Okta SSO authentication fails - Failed secondary authentication

sk-gretar · January 29, 2024, 1:54pm

Greetings!

I’m working on setting up a Pritunl VPN with Single Sign-On using Okta. I’ve managed to set up all the SSO-related information and authentication is working fine on the web interface.
When I try authenticating to a VPN server using SSO I get a Failed to authenticate to <server> error in the client and the following error in the VPN server logs:

ERROR User open ovpn failed "Failed secondary authentication"

This error also shows up in the Pritunl host logs:

[hostname][2024-01-29 14:13:34,801][WARNING] Okta user is not assigned to application
  username    = "user@corporation.org"
  okta_app_id = "j234gkj3g24jkhgk2hg34jh"
  user_id     = "b8v9cb8c9b89cvb89cvb"

It doesn’t matter what I select as the Okta Second Factor, authenticating doesn’t trigger a push to Fastpass or a prompt for a MFA code.

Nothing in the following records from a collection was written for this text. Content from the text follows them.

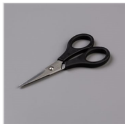
Paper Snips Scissors - 103579
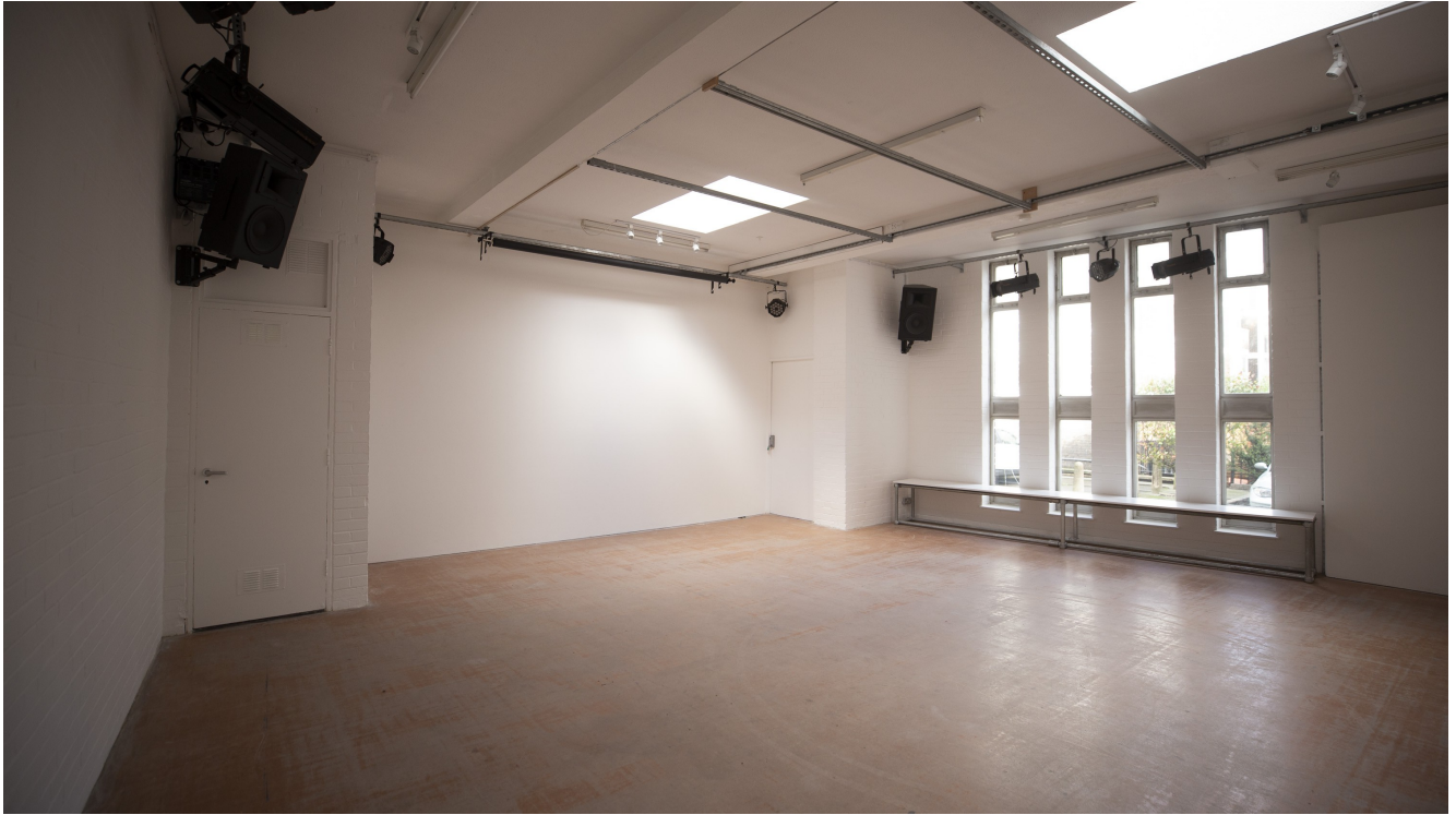
– Main space viewed from the lobby entrance –
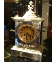
Lot # 442
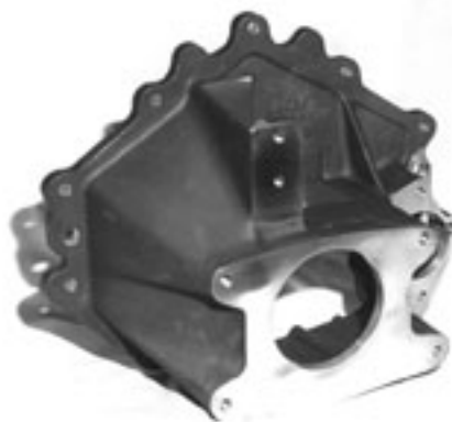
BERT MAGNESIUM BELLHOUSING
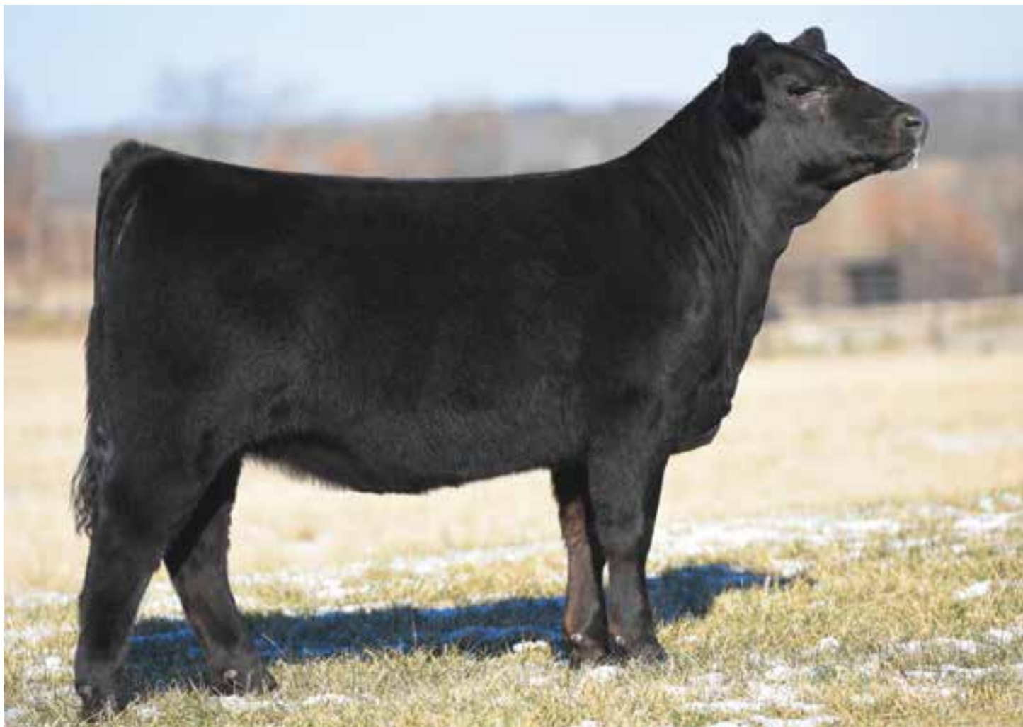
LOT 83 | AUTO ETSY 263E ET
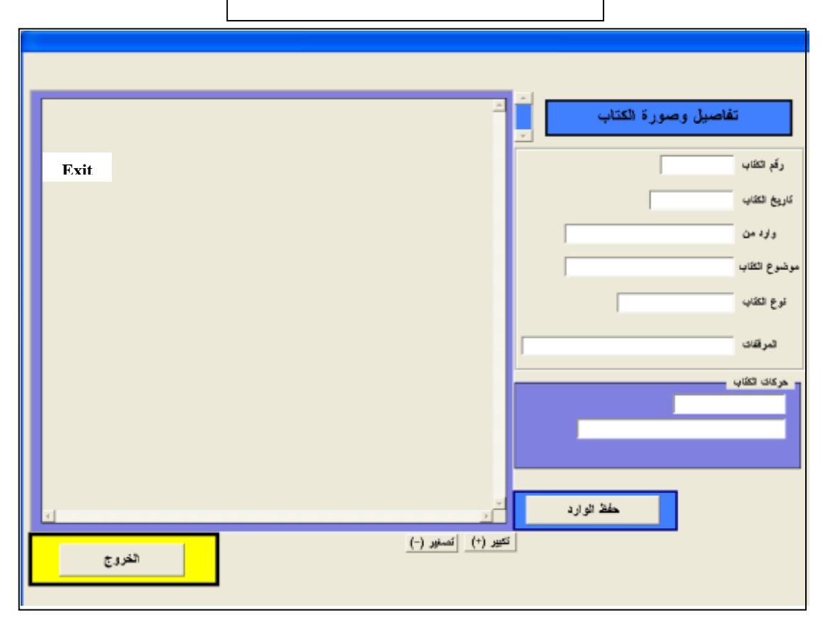
Fig 9: Details screen and the image book incoming
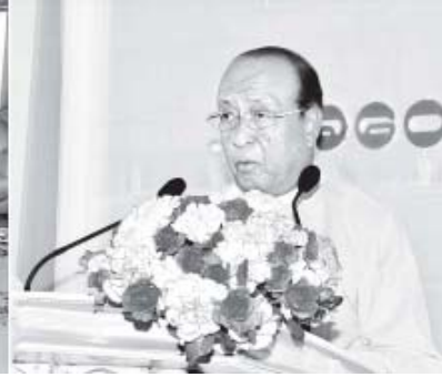
Vice-President Thiha Thura U Tin Aung Myint Oo attends presentation of educational assistance and scholarship awards to students by Aung Thiri Foundation in Pobbathiri Township.
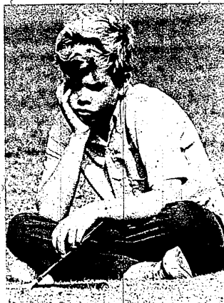
"I gave up bubble gum for this?"
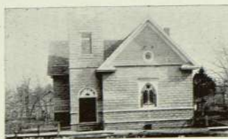
BAPTIST CHURCH, EDINA, MO.

The authentication seems to work fine apart from that, it correctly opens up a browser where I authenticate to Okta and it shows me a Successfully authenticated connection message when I’ve authenticated.

I can get around the error in the logs and authenticate successfully if I edit the user and check the Bypass Secondary Authentication checkbox under the advanced settings. I however don’t want to do that for each user.

The client is the Pritunl client on macOS 14.3.

zach · January 29, 2024, 6:04pm

This is likely from setting the incorrect Okta App ID in the top right settings. Check the Okta single sign-on documentation. The option can be left blank to disable the check. This will cause only the status of the user to be checked, this will verify the user is not disabled or deleted in Okta.

sk-gretar · January 30, 2024, 10:30am

Thanks for the quick reply, it was indeed the Okta app ID. I updated it with the correct ID and it’s working fine now!

meoptimusprime · February 21, 2024, 9:02am

I am also facing the same issue however the the option is blank in pritunl server.

zach · February 21, 2024, 4:46pm

It’s not possible to get the error Okta user is not assigned to application if the Okta App ID is empty. pritunl/pritunl/sso/okta.py at master · pritunl/pritunl · GitHub

meoptimusprime · February 26, 2024, 1:57pm

Okta App id is empty, also the user is assigned to the application in okta, once i disable secondary authentication, it works.